The number of good news events reported in the business press is very similar to the number of bad news events. However, Green, Hand, and Penn (2012) – from Pennsylvania State University, the University of North Carolina, and Florida State University – documented that bad news events were more wildly disseminated after they were initially reported than were good news events.
They hypothesized that the bad news dissemination bias occurred because business journalists, like their popular press counterparts, responded to “if it bleeds, it leads” incentives to increase readership. Consistent with this hypothesis, they found the bad news dissemination bias was greatest for companies and events that were least likely to attract readers’ attention (i.e., small firms and less investor-relevant events), and for which competition between journalists was high (i.e., firms with greater amounts of recent press coverage).
Of course, the major trend over the past decade concerning trading the news is the focus on algorithms for analyzing the news and making trading decisions. Stephane Gagnon (2012), of the Université du Québec, Canada, developed a taxonomy with five different categories of news trading algorithms. In summary they are listed below:
- News classification – identification of relevant keywords and attribution of likely descriptive classes.
- Topic modeling – associates similar content to classes.

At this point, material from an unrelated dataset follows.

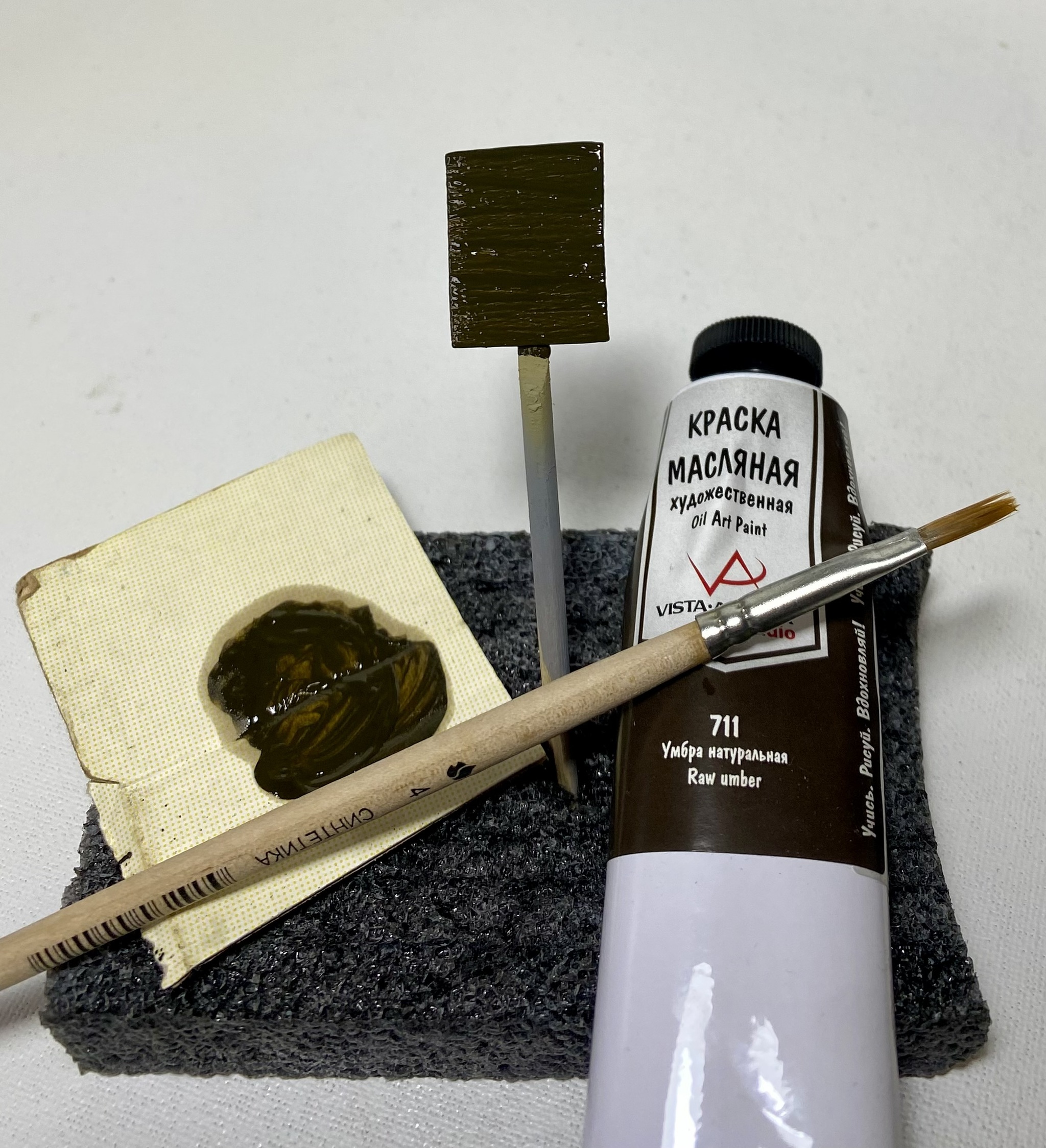 Первым этапом я наношу на всю свою заготовку тонкий слой масляной краски цвета натуральной умбры.

- Sentiment scoring – keywords used to pinpoint news meaning and emotional tone.
- Bag-of-words forecasting – news summarized as vectors of keyword features from a prepared dictionary.
- Semantic recommendation – linking complex semantic relations to an understanding of the nature of the reality being described.
Gagnon proposed a rules-based, semantic reasoning engine that would ultimately incorporate all of these categories into a single system. This trend toward greater complexity appears to be the direction in which advanced news-based trading is moving. The research studies summarized in Book Three of The Alpha Interface series have been selected because they offer empirical evidence suggesting viable strategies for traders and investors.